Use the Wildcard Bridge Python package to load, parse, and run agents.json.

Quickstart

Wildcard Bridge

Use one of the quickstart notebooks to get started:

Agent Auth Notebook
Resend API Key ./examples/resend.ipynb
Stripe Bearer Token ./examples/single.ipynb
Rootly Bearer Token ./examples/rootly.ipynb
Twitter + Giphy OAuth 1.0, API Key ./examples/multiple.ipynb
Resend + Hubspot + Google Sheets OAuth 2.0, API Key ./examples/multiple-dynamic.ipynb

Demos

Stripe Agent Stripe Agent
Google Sheets Agent Google Sheets Agent
Resend Agent Resend Agent
Rootly Agent Rootly Agent

agents.json Specification

The agents.json Specification is an open specification that formally describes contracts for API and agent interactions, built on top of the OpenAPI standard.

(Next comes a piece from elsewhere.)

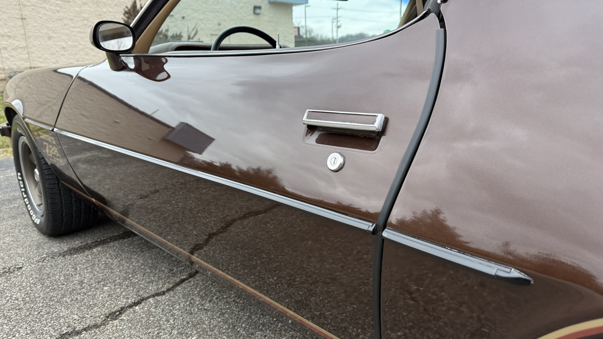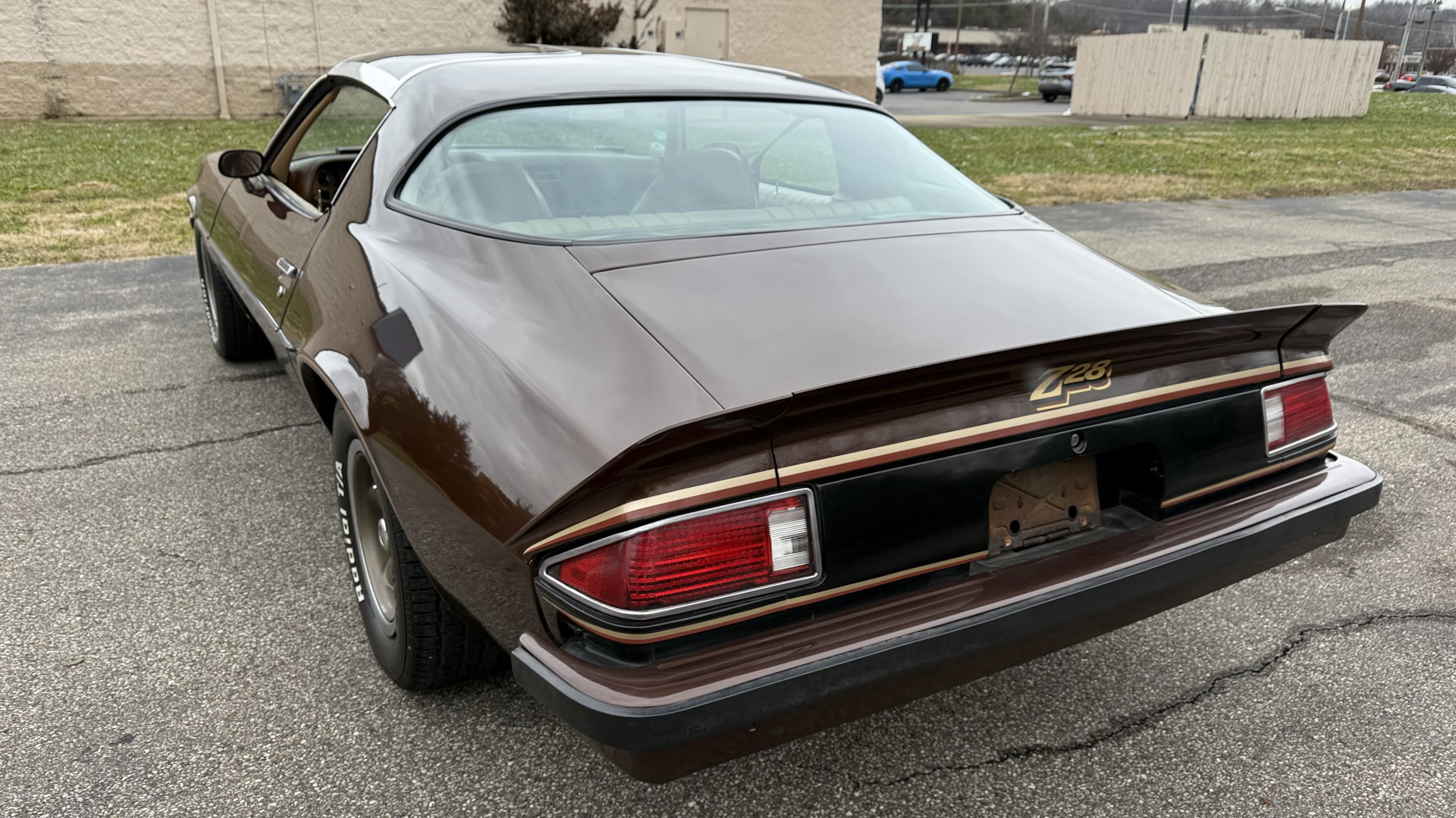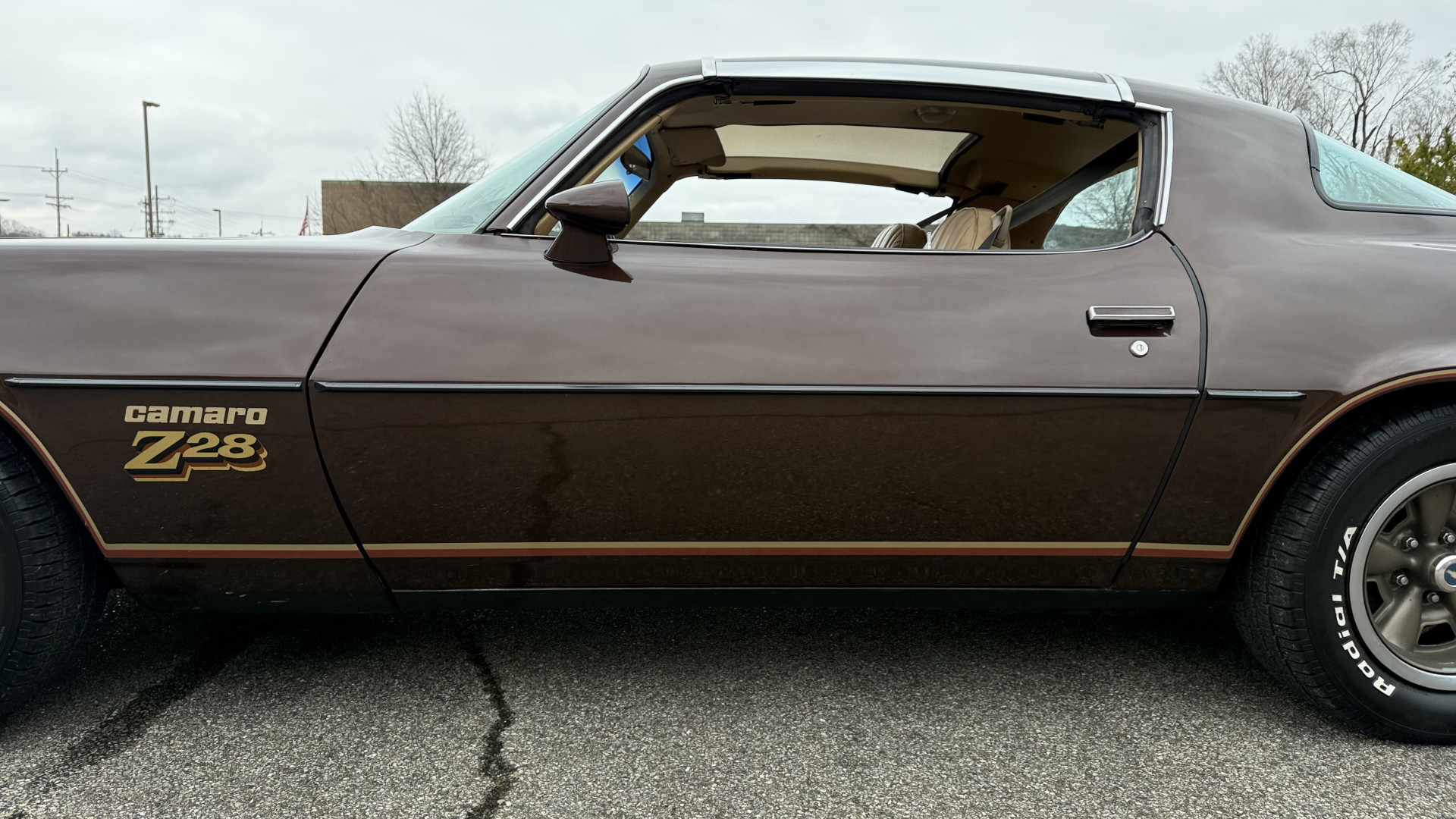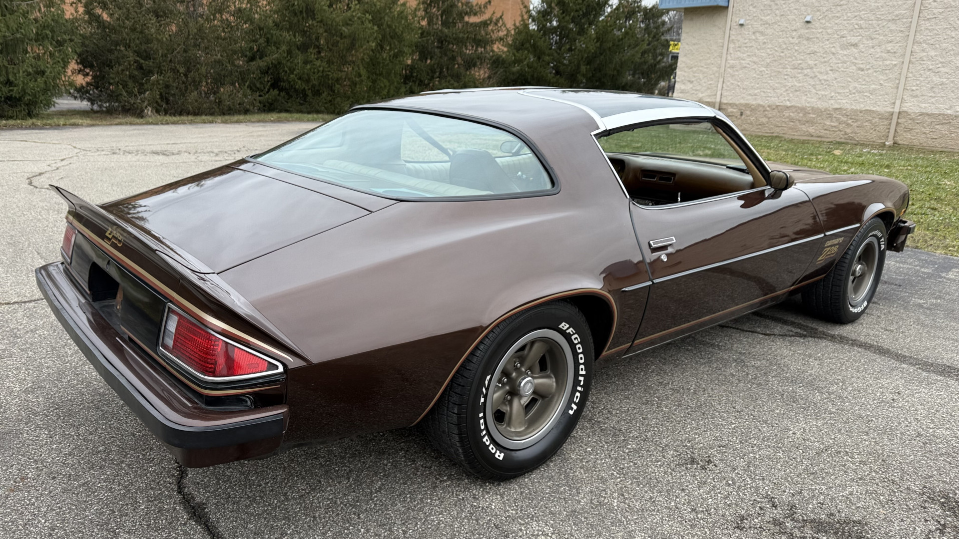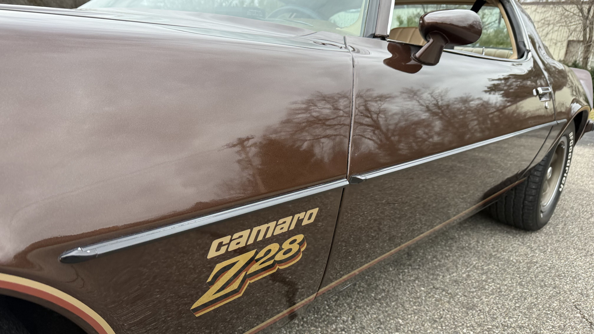 The Brown exterior is in nice stock condition. T Tops were added in 1978 and the receipt and product brochure are still with the car. These tops look great and come off and on nicely and seal very well. This Z28 features correct factory brown paint with Z28 decals and trim and was repainted. The paint is in great condition and shows well and the decals look new. Both bumpers are in good shape with no flaking paint. The paint has a nice shine and good gloss and is smooth to the touch. There may be some imperfections that are not noticeable in the photos, but nothing was intentionally excluded from the photos. The tires have good tread left and the factory wheels are in great shape. All weather stripping and window sweeps are in good condition. Trunk is very solid and clean with the original correct trunk mat and full size spare.
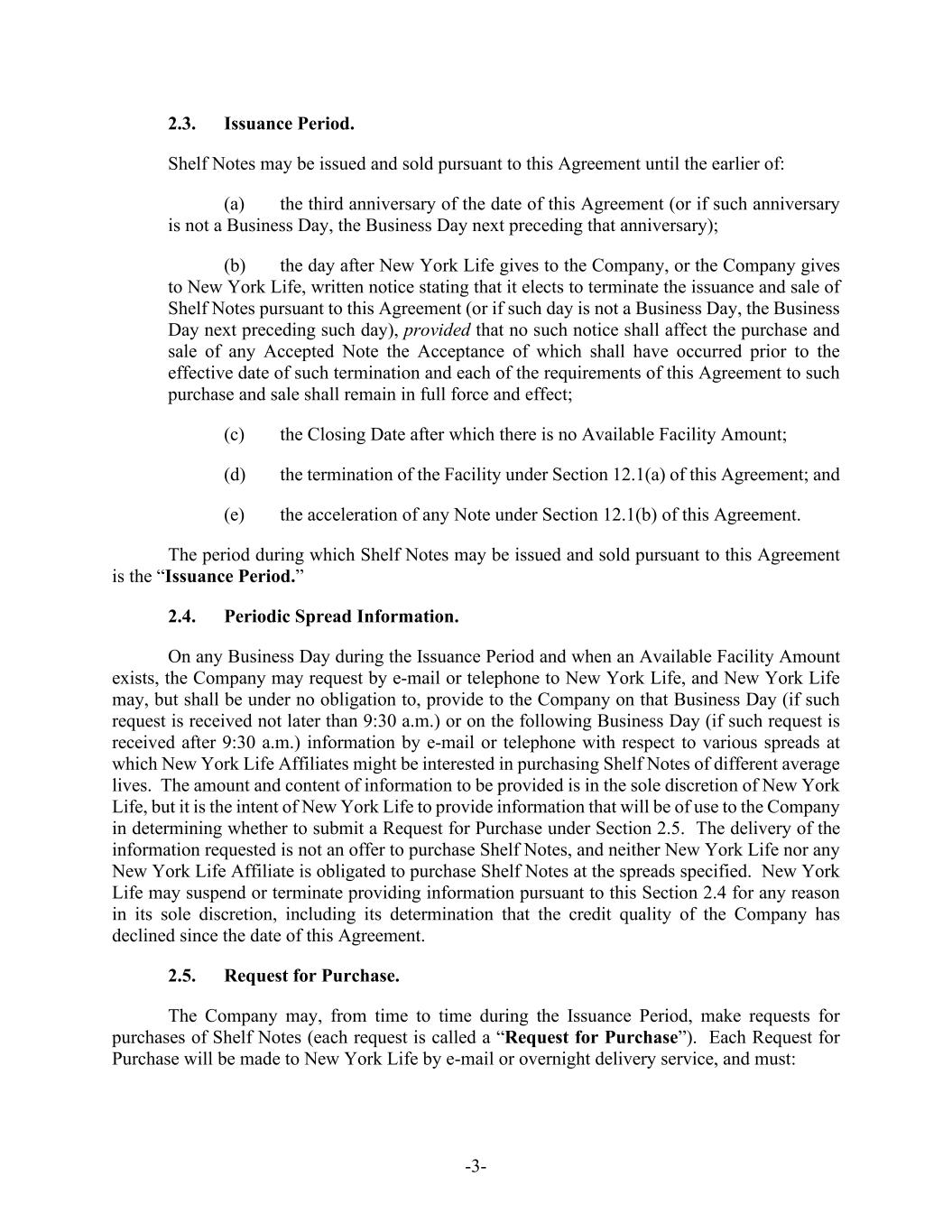 -3- 2.3. Issuance Period. Shelf Notes may be issued and sold pursuant to this Agreement until the earlier of: (a) the third anniversary of the date of this Agreement (or if such anniversary is not a Business Day, the Business Day next preceding that anniversary); (b) the day after New York Life gives to the Company, or the Company gives to New York Life, written notice stating that it elects to terminate the issuance and sale of Shelf Notes pursuant to this Agreement (or if such day is not a Business Day, the Business Day next preceding such day), provided that no such notice shall affect the purchase and sale of any Accepted Note the Acceptance of which shall have occurred prior to the effective date of such termination and each of the requirements of this Agreement to such purchase and sale shall remain in full force and effect; (c) the Closing Date after which there is no Available Facility Amount; (d) the termination of the Facility under Section 12.1(a) of this Agreement; and (e) the acceleration of any Note under Section 12.1(b) of this Agreement. The period during which Shelf Notes may be issued and sold pursuant to this Agreement is the “Issuance Period.” 2.4. Periodic Spread Information. On any Business Day during the Issuance Period and when an Available Facility Amount exists, the Company may request by e-mail or telephone to New York Life, and New York Life may, but shall be under no obligation to, provide to the Company on that Business Day (if such request is received not later than 9:30 a.m.) or on the following Business Day (if such request is received after 9:30 a.m.) information by e-mail or telephone with respect to various spreads at which New York Life Affiliates might be interested in purchasing Shelf Notes of different average lives. The amount and content of information to be provided is in the sole discretion of New York Life, but it is the intent of New York Life to provide information that will be of use to the Company in determining whether to submit a Request for Purchase under Section 2.5. The delivery of the information requested is not an offer to purchase Shelf Notes, and neither New York Life nor any New York Life Affiliate is obligated to purchase Shelf Notes at the spreads specified. New York Life may suspend or terminate providing information pursuant to this Section 2.4 for any reason in its sole discretion, including its determination that the credit quality of the Company has declined since the date of this Agreement. 2.5. Request for Purchase. The Company may, from time to time during the Issuance Period, make requests for purchases of Shelf Notes (each request is called a “Request for Purchase”). Each Request for Purchase will be made to New York Life by e-mail or overnight delivery service, and must:

The current version is 0.1.0.

Give feedback, share your projects, and get help in our Discord.

Schema

The full schema is available here.

Motivations

Enabling AI agents to interact with APIs is difficult. We faced the same problem as many others building agents: altering APIs to work reliably with LLMs and executing multiple API calls successfully in a row is a trial and error process.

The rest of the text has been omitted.